Üstün: Virüs bahane edilerek toplum yeni bir otoriter iklime sokuluyor

Gelecek Partisi Seçim ve Hukuk Politikaları Başkanı Ayhan Sefer Üstün, korona virüsü salgını sürecinde alınan kayyım atamaları ve belediye yardımlarının durdurulması gibi kimi kararları 15 Temmuz sonrası yaşanan sürece benzetti, "Korona virüsü bahane edilerek toplum yeni bir otoriter iklime sokulmak istenmektedir” dedi.

Google Haberlere Abone ol

DUVAR - Korona virüsü salgınında ilk vakanın ortaya çıktığı 11 Mart’tan bugüne 25 gün geçti. Vaka sayısı 30 bini aşarken can kaybı sayısı 649'a yükseldi. Salgını önlemek için alınan tedbirlere her gün yenileri eklenirken bu süreçte birçok da tartışmalı karara imza atıldı. Gelecek Partisi Seçim ve Hukuk Politikaları Başkanı Ayhan Sefer Üstün, korona virüsü salgını sürecinde alınan kayyım atamaları ve belediye yardımlarının durdurulması gibi kararları 15 Temmuz sonrası yaşanan sürece benzetti, "Korona virüsü bahane edilerek toplum yeni bir otoriter iklime sokulmak istenmektedir" diye konuştu.
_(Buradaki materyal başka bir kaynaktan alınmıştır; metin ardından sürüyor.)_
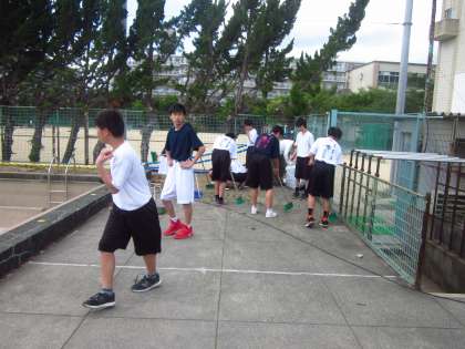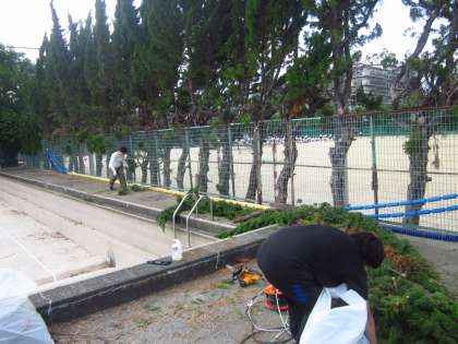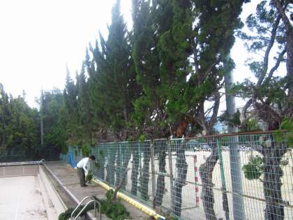 本日はプール敷地に入っていた木々の剪定を行いました。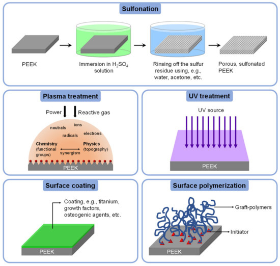 In this section, chemical techniques used for PEEK surface modification are categorized into two groups, i.e., the sulfonation process involving concentrated strong acid and non-sulfonation methods. The scope of the corresponding techniques is illustrated in Figure 6.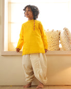 Discover understated elegance with the Basant kurta, a celebration of thoughtful design in radiant yellow. This festive piece showcases a distinctive side button placket that elevates its silhouette with contemporary flair, while the back features an exquisite pink and gold selvedge detail that adds depth and visual interest. Crafted for those who value both comfort and style, it combines ease of wear with refined aesthetics. Practical pockets ensure functionality without compromising on sophistication.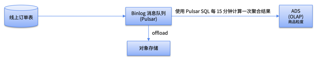 针对以上实时数仓的场景, Pulsar 具备解决方案。具体来说,线上业务库的订单表输出 binlog 到 Pulsar 消息队列中。这个消息队列有全量的数据,其中冷数据可以 offload 到对象存储中。接下来可以使用 Pulsar SQL 每 15 分钟针对 Pulsar 中的全量数据计算一次聚合结果,并将计算结果写入 OLAP 引擎中供查询。这个方案类似于上面提到的 Hudi 方案,不同之处在于利用了 Pulsar SQL,相当于可以直接去查询消息队列中存储的数据。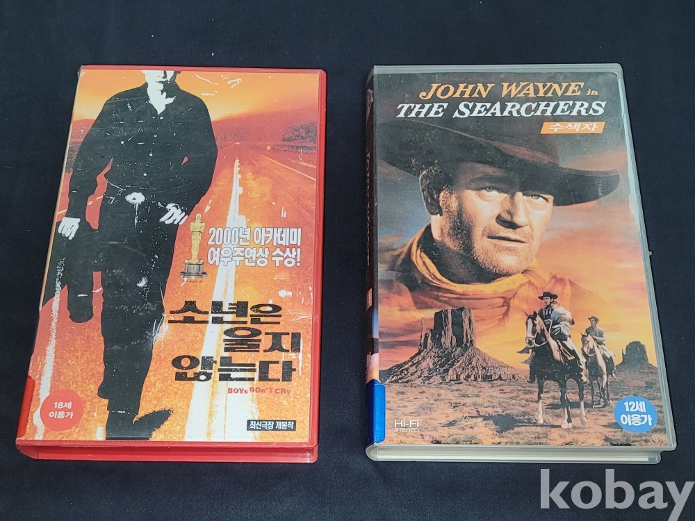 빈티지 영화 비디오테이프 2000년 소년은 울지 않는다(1999년 개봉작), 2000년 수색자(1956년 개봉작) 등 2종 일괄입니다.
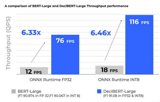 The model was submitted under the offline scenario in MLPerf’s open division in the BERT 99.9 category. The goal was to maximize throughput while keeping the accuracy within a 0.1% margin of error from the baseline, which is 90.874 F1 (SQUAD). The DeciBERT-Large model far exceeded these goals, reaching a throughput of 116 QueriesPer Second (QPS) and an F1 score of 91.08 for accuracy.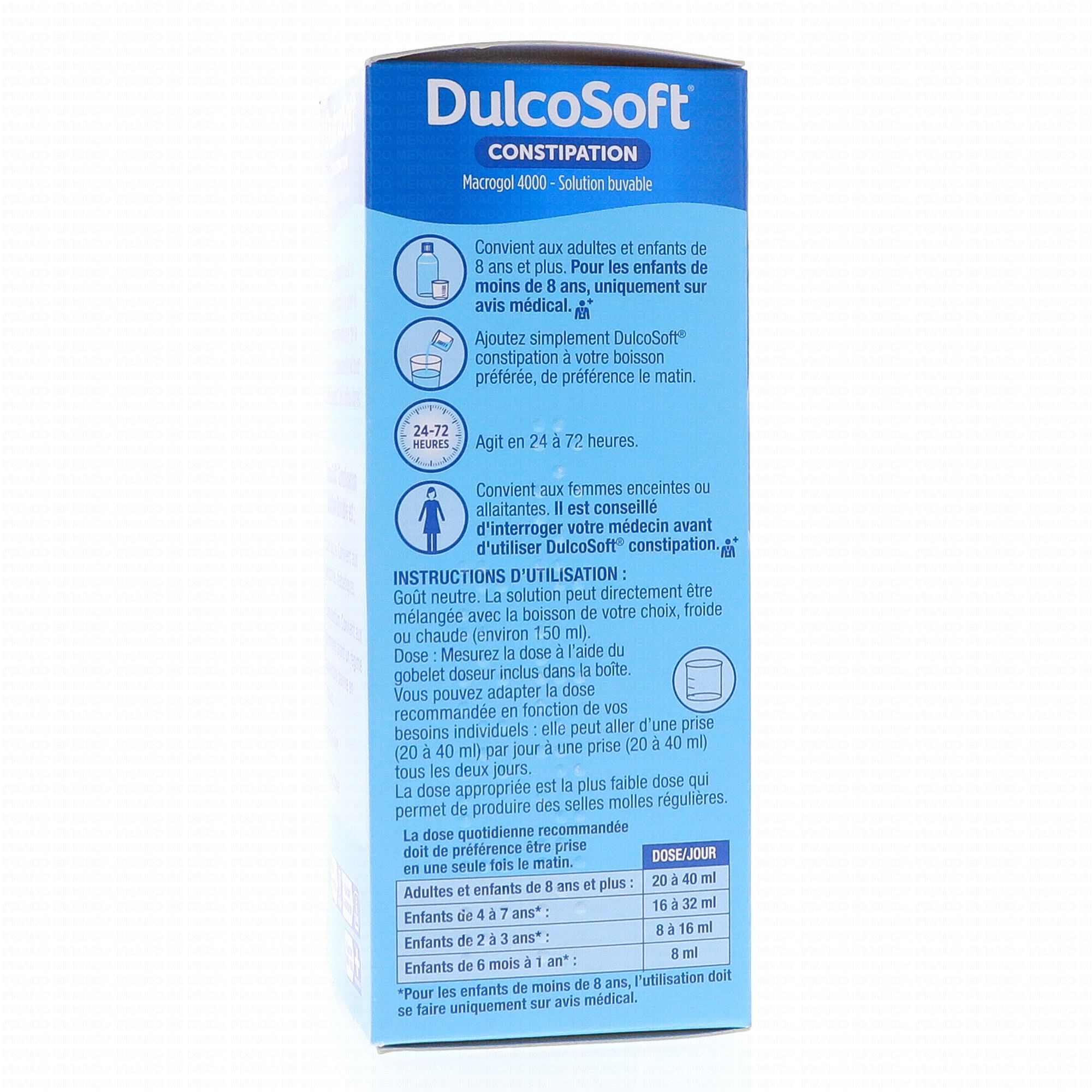 À base de macrogol, DulcoSoft est un dispositif médical permettant de soulager la constipation tout en douceur ainsi que de ramollir les selles dures.

6 BAŞLIKTA YENİ OTORİTERLEŞME EĞİLİMLERİ

15 Temmuz darbe girişiminin ardından büyük bir fırsatın heba edildiğini Türkiye’nin daha demokratik bir düzleme evrilmesi gerekirken, daha otoriter bir yöne gittiğini söyleyen Üstün, "Maalesef 15 Temmuz sonrası yaşanan otoriterleşme eğilimlerini korona virüsü sürecinde de görmekteyiz" dedi. Üstün bu gelişmeleri 6 madde halinde şöyle sıraladı:

-Dernekler yasasında yapılan antidemokratik düzenleme.

-Devletin ve yürütmenin bir parçası olan yerel yönetimlerin karşı karşıya kaldığı kısıtlamalar.

-Yargı kararı olmaksızın kaş-göz arasında yeni kayyumların atanması.

-Yardım kampanyalarında sivil toplumun önünün açılması gerekirken, tekçi, aşırı devletçi mantıkla hareket edilmesi ve bu alanda önemli bir tecrübe edinmiş sivil toplum örgütlerinin dışlanması.

-Suç olma ihtimali olmayan en hafif muhalif söylemlere karşı tahammül edilmeyip takibat açılması, tutuklamaların olması.

-Yeni Ceza İnfaz Kanunu teklifinde; öncelikle şiddete başvurulmamış devlete karşı işlenmiş suçlarda af (ceza indirimi) olması gerekirken, devleti idare edenlerin önceki söylemlerinin aksine, çoğunlukla şahıslara karşı işlenen suçların ceza indirimine tabi tutulması otoriterleşmenin başka bir göstergesi olmuştur.